— WORK REQUEST —
Excluding pictures, retype the line with "Lit boxspring avec" and each line that follows it to the end of the data below, word for word.

— COLLECTED MATERIAL —
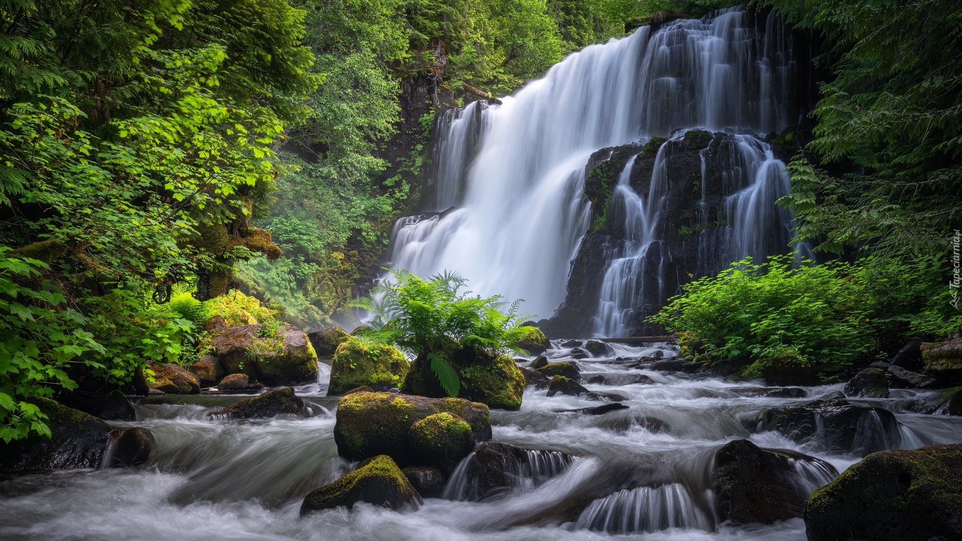 Edytor tapety: Leśny wodospad na skałach wpadający do kamienistej rzeki
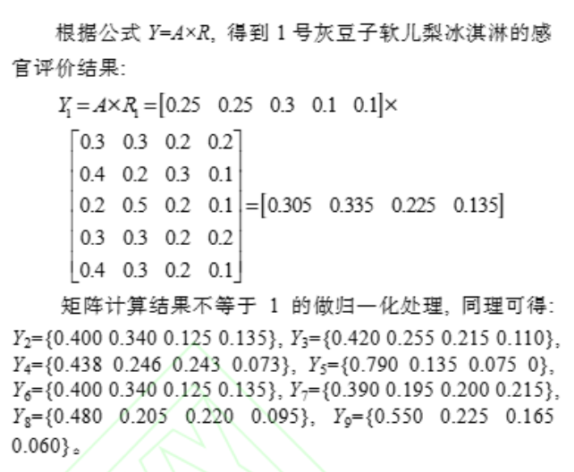 矩阵中的行向量代表灰豆子软儿梨冰淇淋的色泽、形态和组织状态、口感、滋味和气味、杂质 5 个维度, 列向量分别代表冰淇淋的优、良、中、差 4 个评分维度。得到u1 ={0.3 0.3 0.2 0.2}, 同理得到 u2 ={0.4 0.2 0.3 0.1}, u3 ={0.20.5 0.2 0.1}, u4 ={0.3 0.3 0.2 0.2}, u5 ={0.4 0.3 0.2 0.1}把上述得到的 5 个因素评价结果组成一个矩阵。根据公式 Y=A×R, 得到 1 号灰豆子软儿梨冰淇淋的感官评价结果:
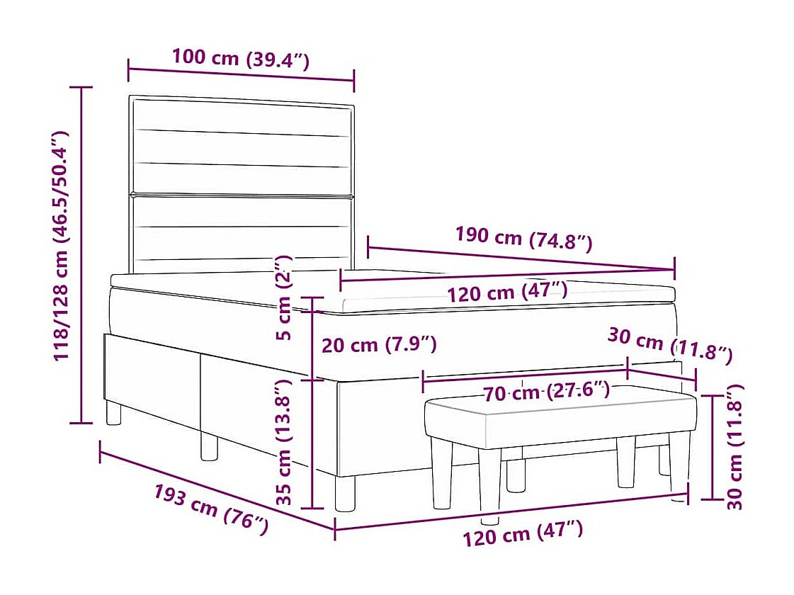 Lit boxspring avec matelas avec matelas Noir 120 x 190 cm tissu
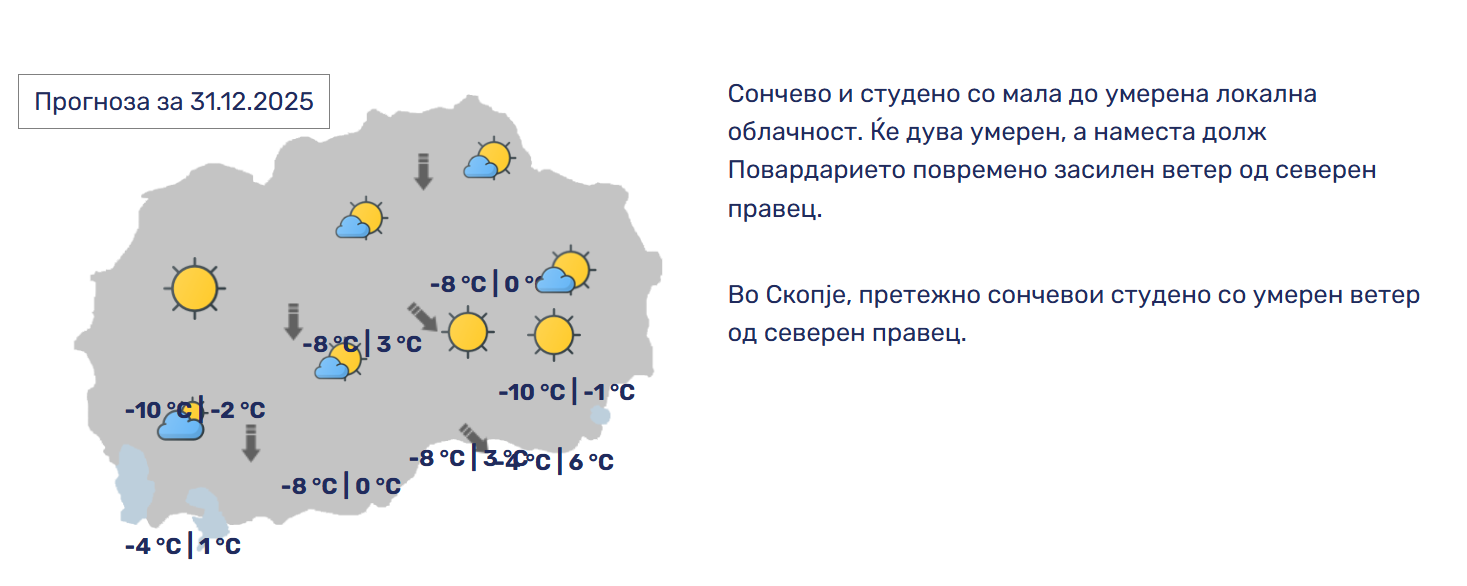 Времето утре ќе биде сончево и студено, со мала до умерена локална облачност. Ќе дува умерен ветер, а долж Повардарието повремено засилен ветер од северен правец.

— TASK OUTPUT —
 Lit boxspring avec matelas avec matelas Noir 120 x 190 cm tissu
 Времето утре ќе биде сончево и студено, со мала до умерена локална облачност. Ќе дува умерен ветер, а долж Повардарието повремено засилен ветер од северен правец.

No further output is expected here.